Insurer bets on private job-loss coverage

— Yes, the government provides unemployment insurance, but is there a market for private unemployment insurance?

Given the economy’s torpid state, a seasoned insurance executive and a University of Pennsylvania mathematics whiz are betting the answer is yes.

Marketing it under the name Income Assure, the Assura Group of NY Ltd. has been providing the product since August, as state insurance commissions have given approval.

“We’ve been doing a lot of research about this,” Assura Group Chief Executive Leslie Nylund said. “You are 200 times more likely to lose your job in your bread winning years” than to be disabled.

“We’re the only private unemployment insurance product available,” she said.
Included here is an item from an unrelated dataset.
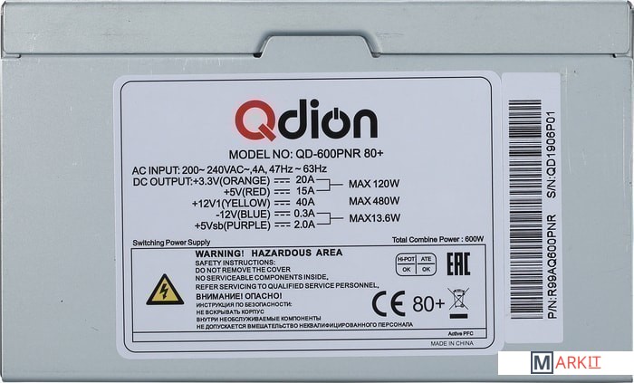 Markit » Блоки питания » Блок питания Qdion QD-600PNR 80+
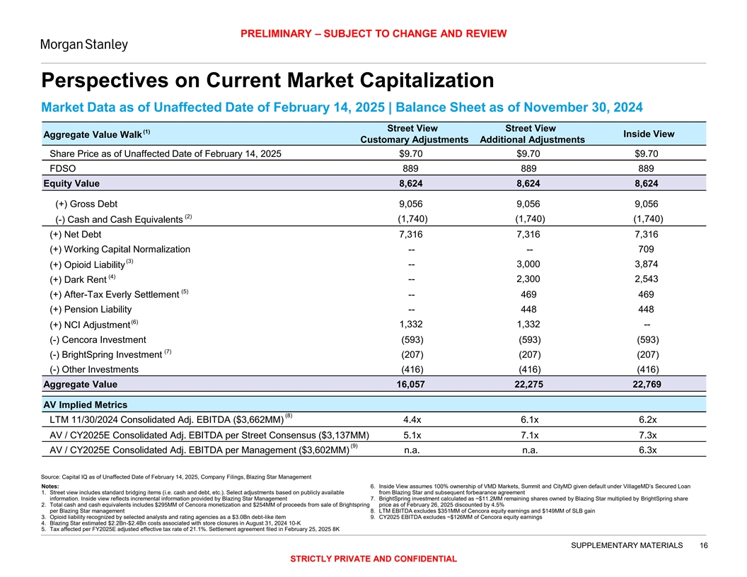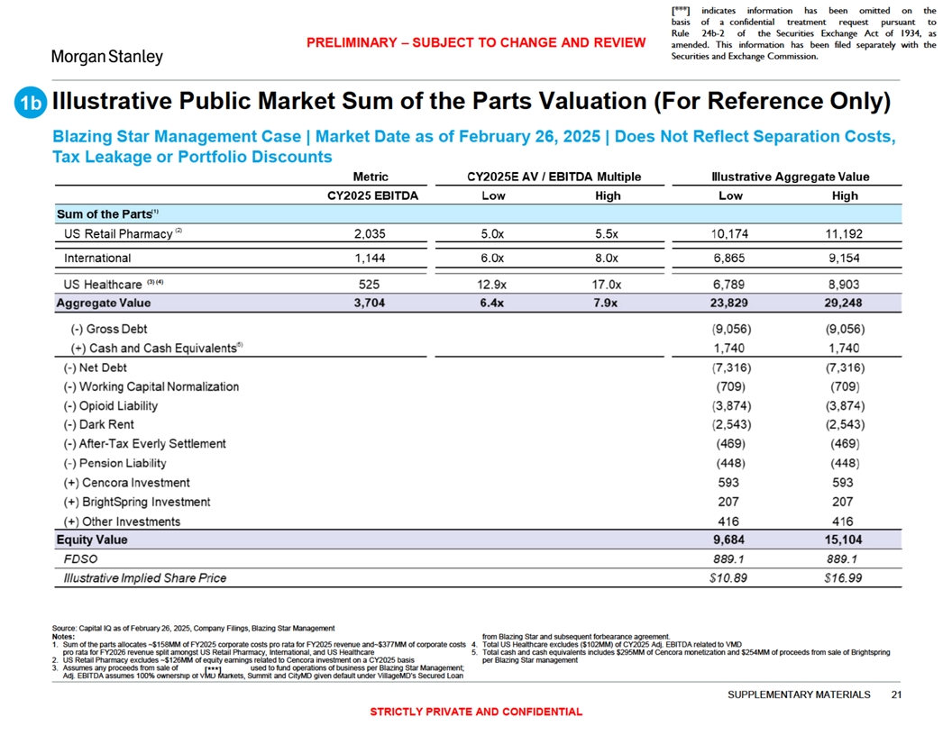 初步–须予更改及检讨截至2025年2月14日未受影响日期的现行市值市场数据透视|截至2024年11月30日的资产负债表街景街景(1)总价值步行内景习惯调整额外调整截至2月14日未受影响日期的股价,2025 $ 9.70 $ 9.70 $ 9.70 FDSO 889889889股权价值8,6248,6248,624(+)总债务9,0569,0569,056(2)(-)现金和现金等价物(1,740)(1,740)(1,740)(+)净债务7,3167,3167,316(+)营运资金正常化---709(3)(+)类阿片负债--3,0003,874(4)--2,3002,543(+)暗租金(5)(+)税后Everly结算--469469(+)养老金负债--448448(6)1,3321,332--(+)NCI调整(-)Cencora Investment(593)(593)(593)(7)(-)BrightSpring Investment(207)(207)(207)(-)其他投资(416)(416)总价值16,05722,27522,7($ 3,137mm)5.1x 7.1x 7.3x(9)AV/CY2025E每管理层合并调整后EBITDA($ 3,602mm)n.a. n.a. 6.3x资料来源:Capital IQ截至2025年2月14日未受影响日期,公司备案,Blazing Star Management注:6。根据VillageMD的担保贷款1,Inside View承担了VMD Markets、Summit和CityMD的100%所有权,并已发生违约。街景包括标准的过渡项目(即现金和债务等)。选择调整基于公开可从Blazing Star和后续的宽限协议信息。内部视图反映了由Blazing Star Management 7提供的增量信息。BrightSpring投资计算得出,Blazing Star拥有的剩余股份约为11.2mm美元,乘以BrightSpring股份2。现金和现金等价物总额包括2.95亿美元的Cencora货币化和截至2025年2月26日出售Brightspring价格的2.54亿美元收益,每Blazing Star Management 8折让4.5%。LTM EBITDA不包括3.51亿美元的Cencora股权收益和1.49亿美元的SLB收益3。被选定的分析师和评级机构认定为30亿美元的类债务项目9的类阿片负债。CY2025 EBITDA不包括约1.26亿美元的Cencora股权收益4。Blazing Star估计,2024年8月31日10-K5与商店关闭相关的成本为22亿美元至24亿美元。每FY2025E调整后有效税率21.1%受影响的税收。2025年2月25日提交的和解协议8K补充材料16严格保密

It’s a startup business, Nylund said, declining to say how many people the company is insuring so far.

Like a Medigap plan, Income Assure supplements the state’s benefit to equal 50 percent of wages for a maximum of 24 weeks.

The insurance isn’t for everyone - it best suits high salary types who would face a huge gap between the top state benefit level and their wages. People who work for small companies, who have good reason to believe they’d be laid off, or who don’t earn more than about $60,000 won’t qualify.
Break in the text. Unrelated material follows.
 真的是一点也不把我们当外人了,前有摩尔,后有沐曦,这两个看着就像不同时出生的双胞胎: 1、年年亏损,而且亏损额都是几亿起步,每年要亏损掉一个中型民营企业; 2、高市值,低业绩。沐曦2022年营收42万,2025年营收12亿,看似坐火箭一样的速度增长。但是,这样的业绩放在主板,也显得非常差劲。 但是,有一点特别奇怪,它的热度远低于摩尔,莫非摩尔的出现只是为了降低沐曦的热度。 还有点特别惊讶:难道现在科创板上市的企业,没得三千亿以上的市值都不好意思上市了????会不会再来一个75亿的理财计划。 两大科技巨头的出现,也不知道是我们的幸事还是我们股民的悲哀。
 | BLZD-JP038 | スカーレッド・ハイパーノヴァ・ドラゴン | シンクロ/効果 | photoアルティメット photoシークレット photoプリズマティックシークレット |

Urijah Kaplan, a math whiz who graduated from the University of Pennsylvania,devised underwriting based on state, income, and sector.

For example, an executive in New Jersey earning $90,000 in the relatively stable field of health care would pay a $42.75 monthly premium, while an executive in the construction sector would pay $186.80 a month.

Four in 10 unemployed workers don’t qualify for state and federal unemployment benefits at all.

Usually they are new to the labor force, like recent college graduates, or haven’t worked steadily enough or earned enough to be eligible. Under most circumstances, people who quit or were fired don’t qualify.

“The state does all the gate keeping and screening,” Nylund said. If the state approves benefits, it’s likely that Income Assure will as well,she said.

Also, because Income Assure promises to bring the unemployed up to half of their past wages, it disqualifies many who live in states such as New Jersey and Pennsylvania that have relatively high benefits.

In these states, people who earned up to about $60,000 can already count on government benefits bringing them up to 50 percent of their former wages - thus, they wouldn’t qualify for Income Assure’s product.

Some of Income Assure’s executives are in need of unemployment benefits themselves.